BEGIN

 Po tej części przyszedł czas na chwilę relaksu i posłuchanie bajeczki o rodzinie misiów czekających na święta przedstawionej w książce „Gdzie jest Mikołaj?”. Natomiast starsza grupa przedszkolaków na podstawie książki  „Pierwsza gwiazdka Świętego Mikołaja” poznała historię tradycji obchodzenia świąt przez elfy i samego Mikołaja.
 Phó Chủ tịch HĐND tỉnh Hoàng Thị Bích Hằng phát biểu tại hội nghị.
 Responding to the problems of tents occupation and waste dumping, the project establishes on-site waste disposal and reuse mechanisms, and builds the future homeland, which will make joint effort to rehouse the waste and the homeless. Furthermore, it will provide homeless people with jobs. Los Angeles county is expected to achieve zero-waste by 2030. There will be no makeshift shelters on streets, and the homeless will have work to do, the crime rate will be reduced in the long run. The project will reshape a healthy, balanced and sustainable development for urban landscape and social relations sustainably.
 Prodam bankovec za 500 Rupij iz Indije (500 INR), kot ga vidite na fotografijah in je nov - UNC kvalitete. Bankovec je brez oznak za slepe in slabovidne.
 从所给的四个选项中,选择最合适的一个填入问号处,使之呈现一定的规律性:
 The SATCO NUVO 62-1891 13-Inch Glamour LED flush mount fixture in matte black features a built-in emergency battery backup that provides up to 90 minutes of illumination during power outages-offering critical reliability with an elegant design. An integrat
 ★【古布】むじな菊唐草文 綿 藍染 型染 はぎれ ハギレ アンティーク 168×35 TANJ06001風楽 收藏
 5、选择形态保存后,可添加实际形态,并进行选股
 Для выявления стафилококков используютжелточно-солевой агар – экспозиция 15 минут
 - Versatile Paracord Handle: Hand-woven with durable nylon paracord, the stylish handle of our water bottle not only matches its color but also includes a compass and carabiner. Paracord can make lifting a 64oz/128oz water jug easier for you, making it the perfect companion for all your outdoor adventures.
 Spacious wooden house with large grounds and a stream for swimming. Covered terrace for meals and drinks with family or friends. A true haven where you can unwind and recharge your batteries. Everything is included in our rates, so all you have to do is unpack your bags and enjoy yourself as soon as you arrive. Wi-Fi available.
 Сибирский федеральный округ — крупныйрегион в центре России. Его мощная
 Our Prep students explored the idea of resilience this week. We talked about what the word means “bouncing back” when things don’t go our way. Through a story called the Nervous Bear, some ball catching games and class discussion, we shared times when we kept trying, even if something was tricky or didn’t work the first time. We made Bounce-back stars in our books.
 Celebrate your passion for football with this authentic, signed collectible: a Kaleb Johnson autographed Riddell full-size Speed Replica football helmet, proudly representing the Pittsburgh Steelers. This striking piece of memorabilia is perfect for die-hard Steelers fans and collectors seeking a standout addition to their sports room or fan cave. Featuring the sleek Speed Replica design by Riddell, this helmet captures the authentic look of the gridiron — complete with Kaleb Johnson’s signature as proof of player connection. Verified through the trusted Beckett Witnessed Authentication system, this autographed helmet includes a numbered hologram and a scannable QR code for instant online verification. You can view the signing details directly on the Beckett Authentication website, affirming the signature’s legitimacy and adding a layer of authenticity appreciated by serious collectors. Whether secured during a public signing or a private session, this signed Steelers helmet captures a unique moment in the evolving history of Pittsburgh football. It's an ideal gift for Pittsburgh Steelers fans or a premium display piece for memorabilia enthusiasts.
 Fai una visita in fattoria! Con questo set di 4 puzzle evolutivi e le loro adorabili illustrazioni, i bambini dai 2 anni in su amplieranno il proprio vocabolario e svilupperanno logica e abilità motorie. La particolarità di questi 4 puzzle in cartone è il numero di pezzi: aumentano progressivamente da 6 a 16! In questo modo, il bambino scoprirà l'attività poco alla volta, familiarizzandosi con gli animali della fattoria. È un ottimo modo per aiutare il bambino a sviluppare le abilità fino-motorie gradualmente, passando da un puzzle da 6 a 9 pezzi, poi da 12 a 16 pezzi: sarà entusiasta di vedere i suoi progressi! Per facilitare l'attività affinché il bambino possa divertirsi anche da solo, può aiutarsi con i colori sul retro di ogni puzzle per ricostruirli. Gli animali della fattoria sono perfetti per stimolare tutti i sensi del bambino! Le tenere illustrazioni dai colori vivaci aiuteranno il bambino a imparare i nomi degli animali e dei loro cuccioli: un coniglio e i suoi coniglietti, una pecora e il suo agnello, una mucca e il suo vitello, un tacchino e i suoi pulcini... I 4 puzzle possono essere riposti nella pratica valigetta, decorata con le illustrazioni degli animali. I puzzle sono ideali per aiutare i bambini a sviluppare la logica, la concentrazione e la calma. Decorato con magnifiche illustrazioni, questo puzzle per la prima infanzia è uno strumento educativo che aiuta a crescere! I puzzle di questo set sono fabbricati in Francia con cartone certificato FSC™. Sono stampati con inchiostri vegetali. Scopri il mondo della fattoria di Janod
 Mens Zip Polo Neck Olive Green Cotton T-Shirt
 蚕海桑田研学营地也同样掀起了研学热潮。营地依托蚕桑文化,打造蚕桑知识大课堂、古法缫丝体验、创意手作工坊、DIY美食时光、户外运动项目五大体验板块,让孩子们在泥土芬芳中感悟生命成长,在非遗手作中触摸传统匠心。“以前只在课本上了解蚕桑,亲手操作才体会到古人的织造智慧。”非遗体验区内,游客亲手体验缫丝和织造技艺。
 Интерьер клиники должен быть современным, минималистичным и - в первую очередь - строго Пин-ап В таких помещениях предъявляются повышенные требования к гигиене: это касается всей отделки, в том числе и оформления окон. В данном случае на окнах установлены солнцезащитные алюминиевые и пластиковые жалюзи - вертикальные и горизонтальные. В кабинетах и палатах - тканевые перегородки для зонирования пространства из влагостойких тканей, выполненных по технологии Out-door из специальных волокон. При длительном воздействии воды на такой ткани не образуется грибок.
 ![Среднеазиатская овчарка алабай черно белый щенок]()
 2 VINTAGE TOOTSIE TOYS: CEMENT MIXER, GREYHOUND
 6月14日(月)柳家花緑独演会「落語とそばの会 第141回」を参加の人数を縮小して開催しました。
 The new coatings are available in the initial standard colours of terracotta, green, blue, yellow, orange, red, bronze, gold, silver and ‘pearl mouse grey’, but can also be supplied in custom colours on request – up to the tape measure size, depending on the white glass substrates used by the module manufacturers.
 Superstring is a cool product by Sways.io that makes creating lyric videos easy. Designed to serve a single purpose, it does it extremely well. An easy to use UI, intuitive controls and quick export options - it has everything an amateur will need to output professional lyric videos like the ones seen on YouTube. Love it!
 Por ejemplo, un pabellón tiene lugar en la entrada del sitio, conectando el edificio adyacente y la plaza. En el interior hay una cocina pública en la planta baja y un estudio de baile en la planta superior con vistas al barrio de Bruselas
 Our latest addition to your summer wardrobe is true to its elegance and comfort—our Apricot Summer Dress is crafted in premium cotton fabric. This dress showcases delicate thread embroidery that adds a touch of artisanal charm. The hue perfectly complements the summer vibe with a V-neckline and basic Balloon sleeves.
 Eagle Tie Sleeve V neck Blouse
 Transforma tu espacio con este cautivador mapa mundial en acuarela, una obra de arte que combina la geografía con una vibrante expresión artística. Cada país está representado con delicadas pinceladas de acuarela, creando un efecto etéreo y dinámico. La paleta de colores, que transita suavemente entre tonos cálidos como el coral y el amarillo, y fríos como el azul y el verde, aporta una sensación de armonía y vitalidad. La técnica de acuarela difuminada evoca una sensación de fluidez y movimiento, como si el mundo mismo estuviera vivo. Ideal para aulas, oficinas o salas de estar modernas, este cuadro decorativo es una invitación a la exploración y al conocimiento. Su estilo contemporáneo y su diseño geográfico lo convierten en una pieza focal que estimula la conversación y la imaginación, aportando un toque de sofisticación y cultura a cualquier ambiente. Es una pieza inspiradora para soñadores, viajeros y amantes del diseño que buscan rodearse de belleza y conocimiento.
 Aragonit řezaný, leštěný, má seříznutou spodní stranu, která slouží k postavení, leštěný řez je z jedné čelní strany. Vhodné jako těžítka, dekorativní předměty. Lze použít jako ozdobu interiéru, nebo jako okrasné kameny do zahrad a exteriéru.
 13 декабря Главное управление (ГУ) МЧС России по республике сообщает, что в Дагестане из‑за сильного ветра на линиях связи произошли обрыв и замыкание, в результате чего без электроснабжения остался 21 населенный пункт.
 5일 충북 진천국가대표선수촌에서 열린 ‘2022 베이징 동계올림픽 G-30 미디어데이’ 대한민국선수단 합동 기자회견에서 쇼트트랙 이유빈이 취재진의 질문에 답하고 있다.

END

## Prompt:
Scan the lines above for "168×35 TANJ06001風楽 收藏" and for "Our Prep students". Repeat exactly the line holding each of them and every line in between.

## Solved problem:
 ★【古布】むじな菊唐草文 綿 藍染 型染 はぎれ ハギレ アンティーク 168×35 TANJ06001風楽 收藏
 5、选择形态保存后,可添加实际形态,并进行选股
 Для выявления стафилококков используютжелточно-солевой агар – экспозиция 15 минут
 - Versatile Paracord Handle: Hand-woven with durable nylon paracord, the stylish handle of our water bottle not only matches its color but also includes a compass and carabiner. Paracord can make lifting a 64oz/128oz water jug easier for you, making it the perfect companion for all your outdoor adventures.
 Spacious wooden house with large grounds and a stream for swimming. Covered terrace for meals and drinks with family or friends. A true haven where you can unwind and recharge your batteries. Everything is included in our rates, so all you have to do is unpack your bags and enjoy yourself as soon as you arrive. Wi-Fi available.
 Сибирский федеральный округ — крупныйрегион в центре России. Его мощная
 Our Prep students explored the idea of resilience this week. We talked about what the word means “bouncing back” when things don’t go our way. Through a story called the Nervous Bear, some ball catching games and class discussion, we shared times when we kept trying, even if something was tricky or didn’t work the first time. We made Bounce-back stars in our books.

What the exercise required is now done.